[Data excerpts]
# # # # #

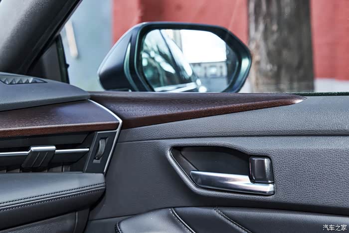 前车门内饰上部与中控台的相连处,采用了棕褐色实木装饰,非常高级,视觉效果很好,质感也很独特,容易打理和保养。
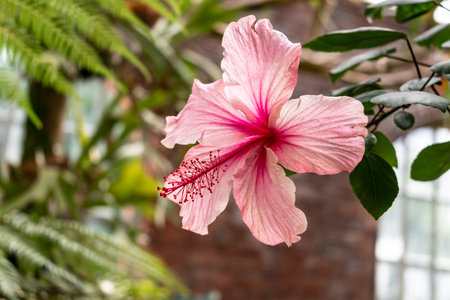 hibiscus pink flower on branch, close up shot
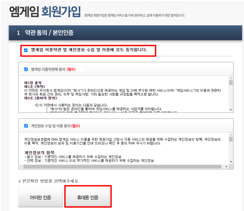 ▶ '화원가입' 버튼을 클릭하신 후 약관동의 및 본인인증을 체크하시고 '휴대폰 인증' 버튼을 클릭해주시면 됩니다.
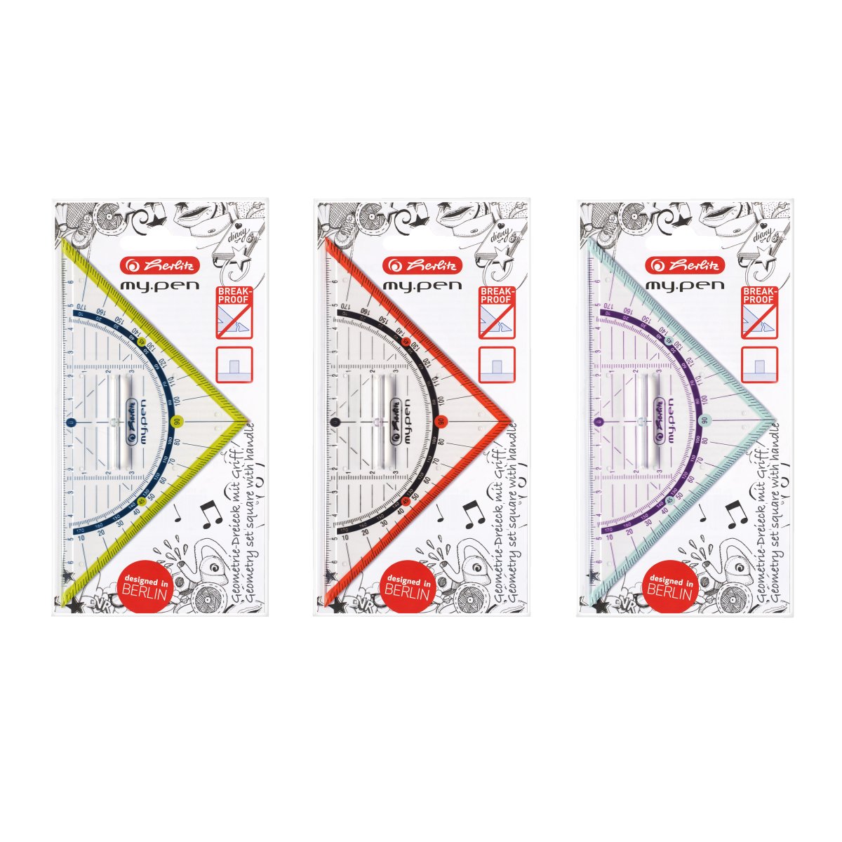 - 11367968 - Geometriedreieck my.pen 16cm Kunststoff 16cm mit Griff farbig sortiert (Einzelabbildung)
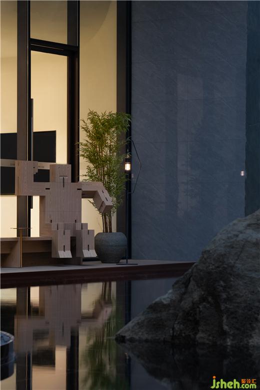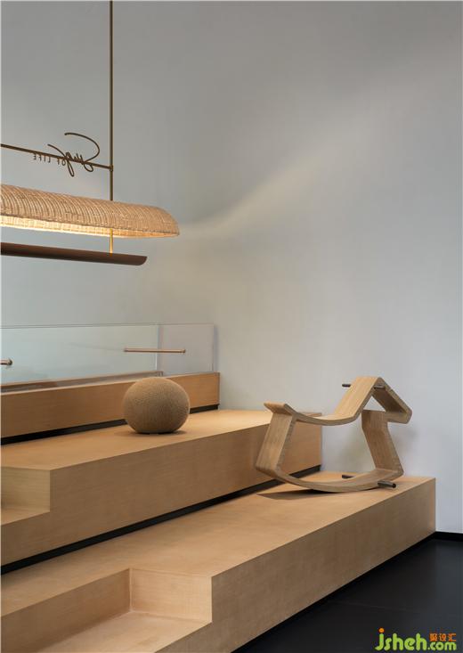 旋轉(zhuǎn)樓梯就像一顆巨大的“綠色心臟”,包裹起中間懸掛的藝術(shù)宮燈裝置,使得核心空間具有垂直向上的動(dòng)勢(shì)。保利成都和頌售樓部設(shè)計(jì)宮燈的設(shè)計(jì)理念源自對(duì)情感、時(shí)間和記憶的梳理。成都銀花絲手工藝及國(guó)遺皮影將時(shí)空壓縮,外層帷幔透紗內(nèi)芯發(fā)光將內(nèi)層民俗匠造的微觀世界展開(kāi),三星堆、都江堰、絲綢之路、宗教信仰、移民匯聚、市井生活、熊貓基地,從古至今逐第呈現(xiàn)。
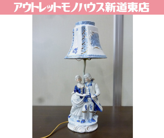 陶器 テーブルランプ 高さ45cm 青系 洋風 照明器具 ライト 卓上照明 ランプ 照明

# # # # #

• **WHAT IS EXPECTED**
The reply should hold every record, unchanged, and no pictures.

• **TASK ANSWER**
 前车门内饰上部与中控台的相连处,采用了棕褐色实木装饰,非常高级,视觉效果很好,质感也很独特,容易打理和保养。
 hibiscus pink flower on branch, close up shot
 ▶ '화원가입' 버튼을 클릭하신 후 약관동의 및 본인인증을 체크하시고 '휴대폰 인증' 버튼을 클릭해주시면 됩니다.
 - 11367968 - Geometriedreieck my.pen 16cm Kunststoff 16cm mit Griff farbig sortiert (Einzelabbildung)
 旋轉(zhuǎn)樓梯就像一顆巨大的“綠色心臟”,包裹起中間懸掛的藝術(shù)宮燈裝置,使得核心空間具有垂直向上的動(dòng)勢(shì)。保利成都和頌售樓部設(shè)計(jì)宮燈的設(shè)計(jì)理念源自對(duì)情感、時(shí)間和記憶的梳理。成都銀花絲手工藝及國(guó)遺皮影將時(shí)空壓縮,外層帷幔透紗內(nèi)芯發(fā)光將內(nèi)層民俗匠造的微觀世界展開(kāi),三星堆、都江堰、絲綢之路、宗教信仰、移民匯聚、市井生活、熊貓基地,從古至今逐第呈現(xiàn)。
 陶器 テーブルランプ 高さ45cm 青系 洋風 照明器具 ライト 卓上照明 ランプ 照明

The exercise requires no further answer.